IDEAL PLAQUE CHARACTERIZATION TOOL
An appreciation of the information necessary to precisely characterize plaques and the fundamental data provided by plaque-imaging technologies is essential.⁵ The ideal tool would provide a complete roadmap of atherosclerotic burden throughout the coronary tree and provide per-plaque, lesion-specific data characterizing the architecture, composition, and dynamic biology of each plaque. Comprehensive plaque analysis should include the following parameters:

• Architecture: plaque volume, length, eccentricity, remodeling, and impact on lumen area.
• Physiology: impact on coronary flow reserve.
• Composition: lipid, fibrous tissue, calcium, etc.
• Pathobiology: presence of inflammation, neovascularization, fibrous cap metabolism, apoptosis, etc.
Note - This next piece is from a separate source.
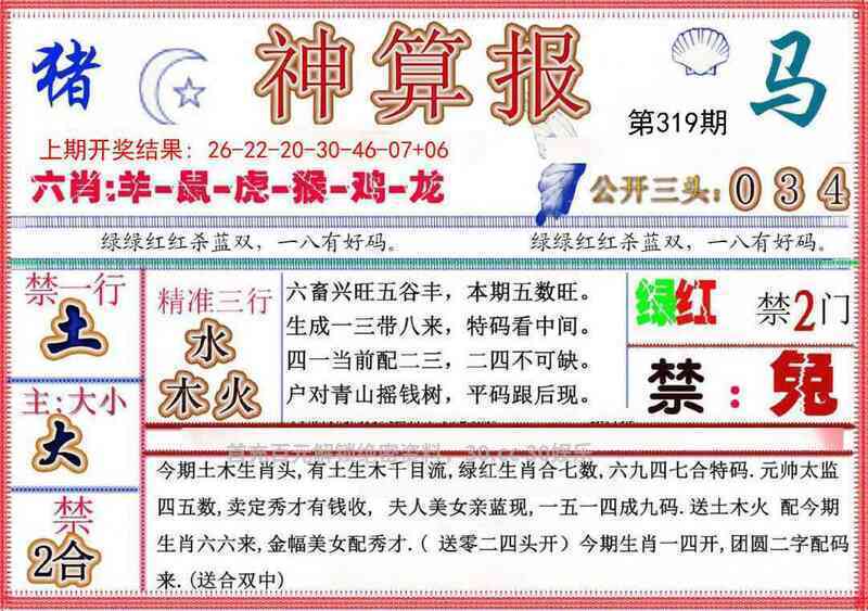 | 322期:内幕一肖 | 322期:四肖八码 | 322期:彩民三码 |
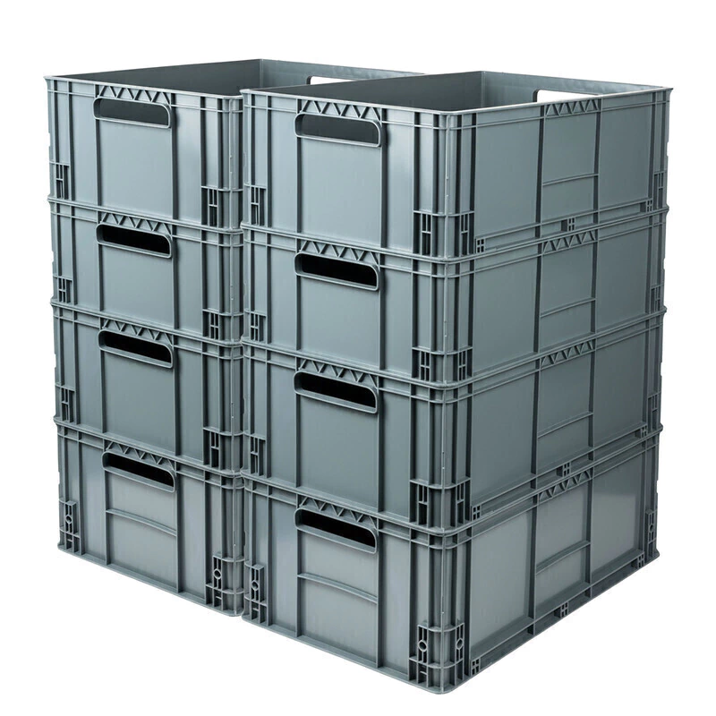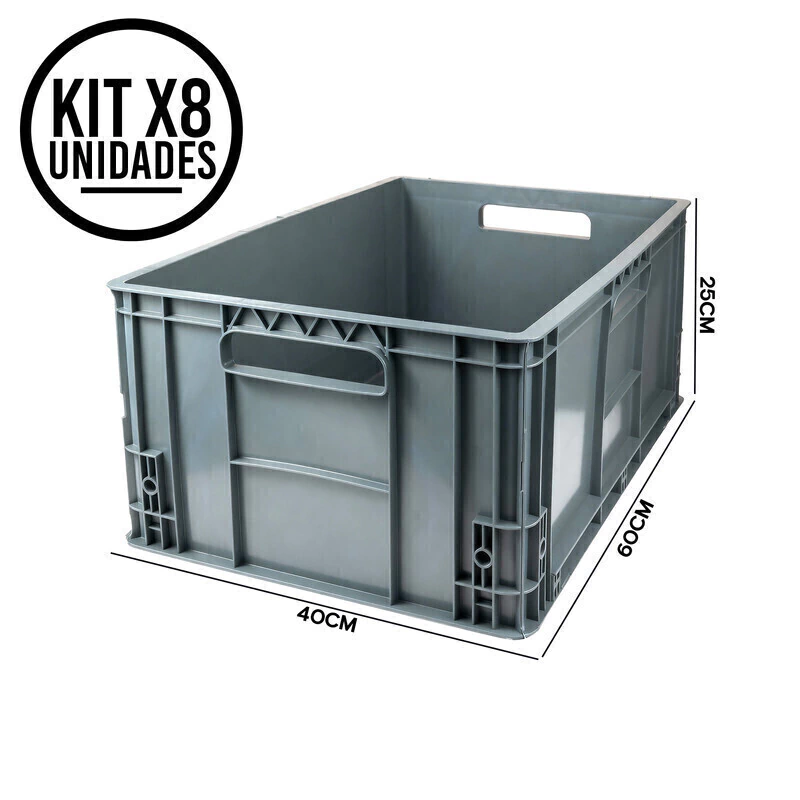 8 Canastillas Plásticas Tapadas 60x40x25cm (color gris, con fondo y paredes completamente cerradas)

MORPHOLOGY OF VULNERABLE PLAQUE BY INVASIVE IMAGING MODALITIES
The invasive angiographic hallmark of ACS is a complex culprit plaque characterized by lesion irregularity, haziness, ulceration, contrast dye persistence within the plaque, intraluminal filling defect, and impaired flow.^3,6 These angiographic morphological features correlate with plaque rupture and thrombus by direct coronary imaging with IVUS and at pathological examination. Angiography is very accurate in the detection of complex unstable culprit plaques in patients with ACS. However, angiography is an insensitive tool that is only able to detect plaques that have relatively gross plaque disruption. Observations from IVUS, angioscopic, and pathological studies clearly document that the majority of ulcerated plaques are not sufficiently disrupted anatomically to be detected angiographically. Furthermore, it is certain that patients with unstable (and silent) coronary artery disease harbor lipid-rich, inflamed, vulnerable plaques that have not yet ulcerated or ruptured. Angiography fails to detect the many plaques with subtler but pathologically manifest ulceration and rupture. Thus, angiography reflects only a subset of coronary lesions that are truly unstable and provides virtually no insight regarding the many vulnerable but not yet ruptured plaques that serve as the substrate for subsequent coronary events. Therefore, angiographic confirmation of complex plaque undoubtedly represents only the tip of the iceberg of plaque instability and vulnerability.⁶

IVUS images the vessel wall and delineates its effects on the lumen, thereby providing useful information on plaque architecture, luminal stenosis, and vessel remodeling. When using IVUS, unstable plaques are typically bulky, eccentric, and positively remodeled.^7,8 Culprit lesions in patients with ACS demonstrate more expansive remodeling by IVUS than by the culprit lesions of patients with stable angina, suggesting that expansive remodeling might be associated with plaque vulnerability. Overall, IVUS features correlate with plaque complexity by angiography and at necropsy. Other direct invasive imaging technologies hold promise for plaque characterization, including IVUS with integrated backscatter imaging,⁹ optical coherence tomography (which provides breathtaking images of fibrous cap thickness and integrity),¹⁰ and near-infrared spectroscopy for delineation of lipid core plaque.¹¹

GENERAL CONSIDERATIONS
Advances in CTA have now made it possible to accurately image the coronary vasculature noninvasively.^12-17 CTA produces amazing angiographic images that are comparable (in most cases) to those obtained by invasive angiography, with excellent accuracy for the presence and severity of luminal stenoses.^12,13 First, an appreciation of the fundamental differences in these techniques is essential to comparing their images. Invasive angiography produces an image of the vessel lumen only, with little insight regarding atherosclerotic plaque other than indirectly by its effects on luminal architecture. Additionally, invasive angiography consistently underestimates the extent of intramural plaque and provides little or no insight regarding plaque character, unless supplemented by adjunctive imaging modalities, such as IVUS. In contrast, CTA provides not only a high-resolution lumenogram but also, by virtue of differential tissue attenuation capabilities, facilitates imaging of the vessel wall, thereby providing insights regarding the presence and nature of intramural plaque, as well as its impact on luminal architecture (Table 1).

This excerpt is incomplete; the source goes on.